The Integer part of the answer is how many LED's you can have in series.

Multiply that by Vl to get Vlseries and then use your formula with Vlseries instead of Vl. You generally need at least half an LEDs share of voltage left for the resistor. If you had Vl=3V it would not be a good idea to put 4 LEDs in series without a resistor across a 12V source because you have no real current limiting. If you had Vl=2.9V it would still be a bad idea to use 4 LEDs with a resistor across only the remaining 0.4V.
You might get away with this in a case where the source has enough series resitance built in like a pile of low amp batteries. But soon the battery voltage will drop and you would notice the LED's dimming.

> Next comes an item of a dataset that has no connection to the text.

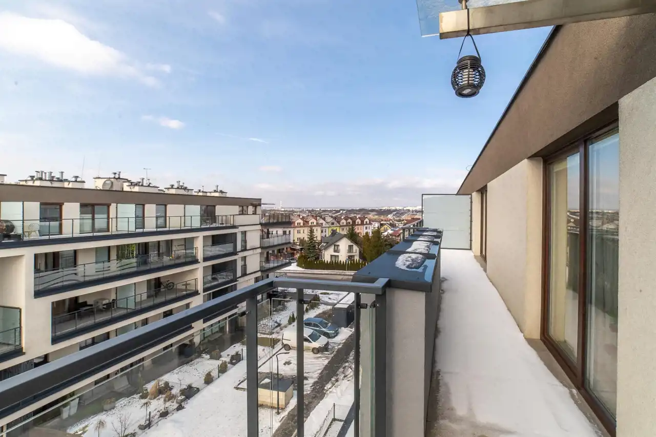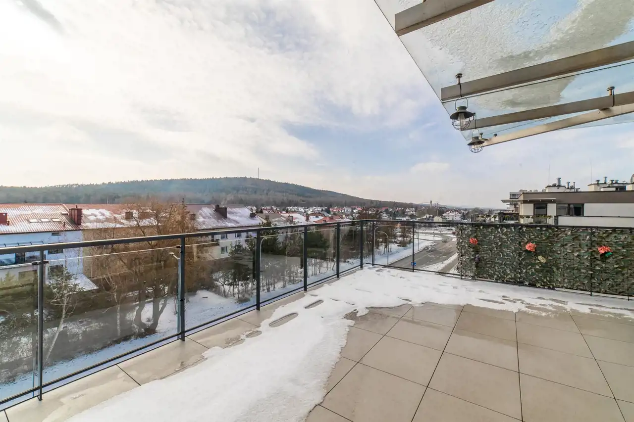 a living room connected with a kitchenette, fully equipped with high-quality household appliances (TV, oven, dishwasher, refrigerator, induction hob). The living room provides access to a large terrace of 58.38 m² with a panoramic view of Kielce.

It is a basic requirement that you want to allow room across your series resistor for source voltage changes, for variances in Vl and thermal effects of the LEDs, and other things.

Watts per resistor are I\(^{2}\)R
Multiply by the number of resistors (one in each series string.)

Total current is just multiplied the 20mA spec times the number of series strings.

To get the number of series string was just dividing the number of LEDs wanted by the 3 LEDs that fit in 12 Volts. 26.\(\overline{6}\) is close to 27, so 27 strings of 3 works.

 

I think a simple check is to look at the voltages.

You have 3.3V across the LED, meaning you have 8.7V across the resistors.
Both carry the same current, so your efficiency is abysmal, with your resistors dissipating 8.7/3.3 = 2.6 more power than the LEDs.

If you double up the LEDs per string, you're at 6.6V across the LEDs and 5.4V across the resistor, so now the resistors dissipate a bit less than the LEDs.

 

Thanks guys, but I'm sorry. I still don't get it.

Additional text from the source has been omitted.